Power Analysis

Statistical power is the probability that a test correctly rejects a false null hypothesis. HypoTestX provides functions to calculate required sample sizes before a study and to compute post-hoc power after data collection.


Required sample size — two-sample t-test

How many participants per group do you need to detect an effect of a given size?

import hypotestx as hx

n = hx.n_ttest_two_sample(effect_size=0.5, alpha=0.05, power=0.8)
print(f"Required n per group: {n}")   # 64

Parameter

Type

Default

Description

effect_size

float

Cohen’s d (standardised mean difference)

alpha

float

0.05

Significance level (Type I error rate)

power

float

0.80

Desired power (1 − Type II error rate)

alternative

str

"two-sided"

"two-sided", "greater", or "less"

Common effect size guidelines (Cohen’s d)

d

Magnitude

0.2

Small

0.5

Medium

0.8

Large

# Need to detect a small effect with 90% power
n_small = hx.n_ttest_two_sample(effect_size=0.2, alpha=0.05, power=0.9)
print(f"Small effect, 90% power: n = {n_small} per group")

# One-tailed test (directional hypothesis)
n_one = hx.n_ttest_two_sample(
    effect_size=0.5, alpha=0.05, power=0.8, alternative="greater"
)

Post-hoc power — two-sample t-test

After collecting data, compute the power actually achieved:

pow_result = hx.power_ttest_two_sample(
    effect_size=0.4,
    n1=30,
    n2=30,
    alpha=0.05,
    alternative="two-sided",
)
print(f"Achieved power: {pow_result.power:.2f}")

Parameter

Type

Description

effect_size

float

Cohen’s d

n1

int

Size of group 1

n2

int

Size of group 2

alpha

float

Significance level used in the test

alternative

str

"two-sided", "greater", or "less"

The returned object has a .power attribute (float 0–1).
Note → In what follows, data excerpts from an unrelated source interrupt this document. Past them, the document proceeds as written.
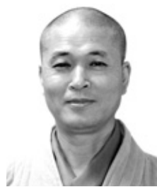
석우 스님의 조주록 선해 <45>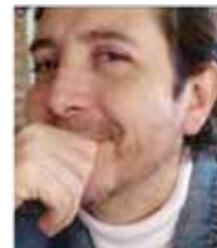
Por: Alberto Gómez-R.

El modelo económico del neoliberalismo global en realidad sólo benefició a las economías más poderosas; basado en el libre mercado, abrió la posibilidad de expandirse hacia los mercados de otras latitudes y culturas que lo adoptaron con la esperanza de que sería la mejor solución a las crecientes desigualdades sociales (¿?).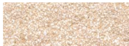
jura clair PS (grenillé)

Worked Example: Planning a Study

import hypotestx as hx

# Before the study: power calculation
# Expecting a medium effect (d = 0.5), standard alpha, 80% power
n_required = hx.n_ttest_two_sample(effect_size=0.5, alpha=0.05, power=0.8)
print(f"Collect at least {n_required} participants per group")
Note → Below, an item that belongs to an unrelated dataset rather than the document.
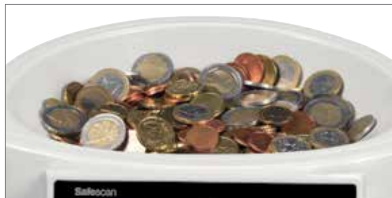
Kapazität des Aufnahmefachs bis zu 500 Münzen

Dank seinem großen Aufnahmetrichter kann der Safescan 1250 bis zu 500 Münzen aufnehmen und mit einer Geschwindigkeit von bis zu 220 Münzen pro Minute ist der Inhalt Ihrer Kassenlade blitzschnell gezählt. Schütten Sie einfach alle Münzen aus dem Münzbehälter oder aus der Tasche in den Aufnahmetrichter - eine vorherige Sortierung ist nicht erforderlich - und drücken Sie auf Start. In nur einem Bruchteil der normalerweise hierfür benötigten Zeit rechnen die Münzzähler von Safescan Ihr Kleingeld zusammen und geben es sogar sortenrein an Sie zurück - perfekt zur Vorbereitung von Münzrollen, Bankeinzahlungen und Kassenladen. Es gibt keinen schnelleren und zuverlässigeren Weg zur Sortierung und Zählung Ihres Kassenbestandes am Ende eines langen Arbeitstages.

# After the study: you collected 45 per group
# Effect observed was d = 0.42 (slightly smaller than expected)
achieved = hx.power_ttest_two_sample(
    effect_size=0.42,
    n1=45,
    n2=45,
    alpha=0.05,
)
print(f"Post-hoc power: {achieved.power:.1%}")

# Run the actual test
result = hx.ttest_2samp(group1, group2, alpha=0.05)
print(result.summary())

Power Curves

To visualise how power changes with sample size:

import hypotestx as hx

effect = 0.5     # medium effect
alpha  = 0.05

ns     = list(range(10, 200, 5))
powers = [
    hx.power_ttest_two_sample(effect, n1=n, n2=n, alpha=alpha).power
    for n in ns
]

# Find minimum n for 80% power
adequate = [(n, p) for n, p in zip(ns, powers) if p >= 0.80]
if adequate:
    print(f"First n with ≥80% power: {adequate[0][0]}")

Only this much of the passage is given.